# Form 8854



## Waldemar22

HI, just a question about irs form 8854. 
part IV section A, line one.

Does this mean that if I have no tax obligations to the IRS after tax credits (or FEIE) than I put zero in each applicable space? Or is it an avg of my last 5 years of income? This is not so clear. There is of course nothing about this in the instructions that I could find.

Thanks for the help.


----------



## Bevdeforges

If you had no tax obligations in each of the five years they are asking for, put 0 in the spaces. They say nothing about averaging - they want your actual tax liability for each of the 5 years.
Cheers,
Bev


----------



## Waldemar22

Bevdeforges said:


> If you had no tax obligations in each of the five years they are asking for, put 0 in the spaces. They say nothing about averaging - they want your actual tax liability for each of the 5 years.
> Cheers,
> Bev


This is what I figured but wasn´t sure. One would have to earn a whole lot of money in order to have to owe the irs at least $140k in taxes. This is not me. 

I have another nut to crack here. 
Part V #7 "pensions for services performed outside the US", 
would this be my Norwegian state pension? If so how do I figure the mark to market value?
This pension is akin to social security in the states except that it actually is a liveable pension. I can not cash it in now even if I wanted to . I have paid into it through taxes every year and if I stay here until I retire (in at least 20 years) only then am I entitled to this.
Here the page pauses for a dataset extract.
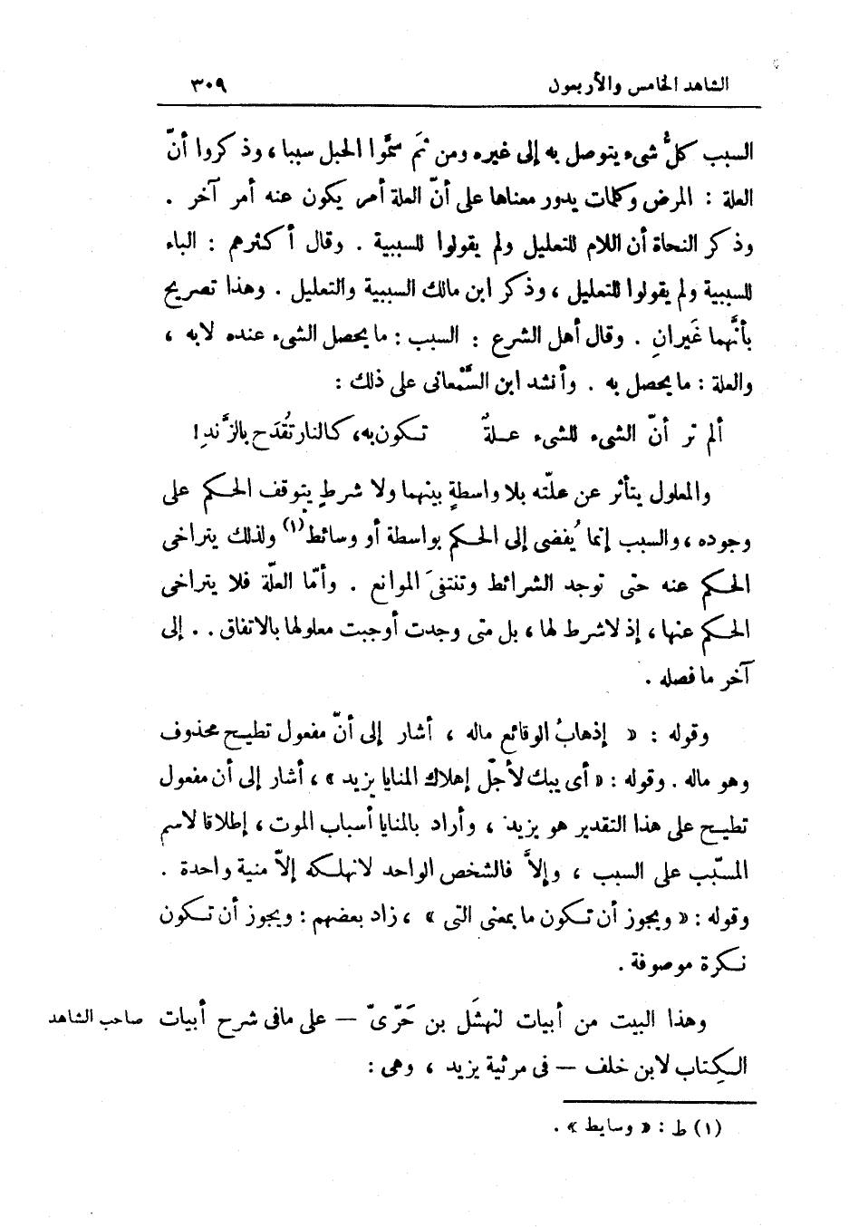 عَنهُ حَتَّى تُوجد الشَّرَائِط وتنتفي الْمَوَانِع وَأما الْعلَّة فَلَا يتراخى الحكم عَنْهَا إِذْ لَا شَرط لَهَا بل مَتى وجدت أوجبت معلولها بالِاتِّفَاقِ إِلَى آخر مَا فَصله وَقَوله إذهاب الوقائع مَاله أَشَارَ إِلَى أَن مفعول تطيح مَحْذُوف وَهُوَ مَاله وَقَوله أَي يبك لأجل إهلاك المنايا يزِيد أَشَارَ إِلَى أَن مفعول تطيح على هَذَا التَّقْدِير هُوَ يزِيد وَأَرَادَ بالمنايا أَسبَاب الْمَوْت إطلاقا لاسم الْمُسَبّب على السَّبَب وَإِلَّا فالشخص الْوَاحِد لَا تهلكه إِلَّا منية وَاحِدَة وَقَوله وَيجوز أَن تكون مَا بِمَعْنى الَّتِي زَاد بَعضهم وَيجوز أَن تكون نكرَة مَوْصُوفَة وَهَذَا الْبَيْت من أَبْيَات لنهشل بن حري على مَا فِي شرح أَبْيَات الْكتاب لِابْنِ خلف فِي مرثية يزِيد وَهِي

If I were to leave now Norway now, I would be entitled to something but much less than if I stay for 30 years.
I have no idea how to figure this out, or even if this is neccessary to report in this matter. Tax treaty ?

This pension is not like an RRSP or 401k in that I have very little control of these funds. 

Does this make sense?


----------



## Bevdeforges

Oh that's nice - the instructions specifically don't say a word about line 7. 

Elsewhere (that is, other forms), in the reporting of financial information for those resident overseas, they specifically say NOT to report national retirement plans that function like US social security. I'd go with that here - and if they have questions, they'll ask later. I think you can reasonably argue that the state pension plan has no current fair market value, because you have no idea what the value will be of your benefit until you get to the point you qualify for it.
Cheers,
Bev


----------



## Waldemar22

Bevdeforges said:


> Oh that's nice - the instructions specifically don't say a word about line 7.
> 
> Elsewhere (that is, other forms), in the reporting of financial information for those resident overseas, they specifically say NOT to report national retirement plans that function like US social security. I'd go with that here - and if they have questions, they'll ask later. I think you can reasonably argue that the state pension plan has no current fair market value, because you have no idea what the value will be of your benefit until you get to the point you qualify for it.
> Cheers,
> Bev


This sounds good. I´ll buy that until I hear differently, 

Have a nice weekend.


----------



## CanadianHoosier

Having just spent about 4 hours over the past week putting mine together, I concur with Bev.


----------



## WSquared

I have a related question here (.../expats/expat-tax/103314-form-8854-a.html) if anybody knows the answer. thanks, William


----------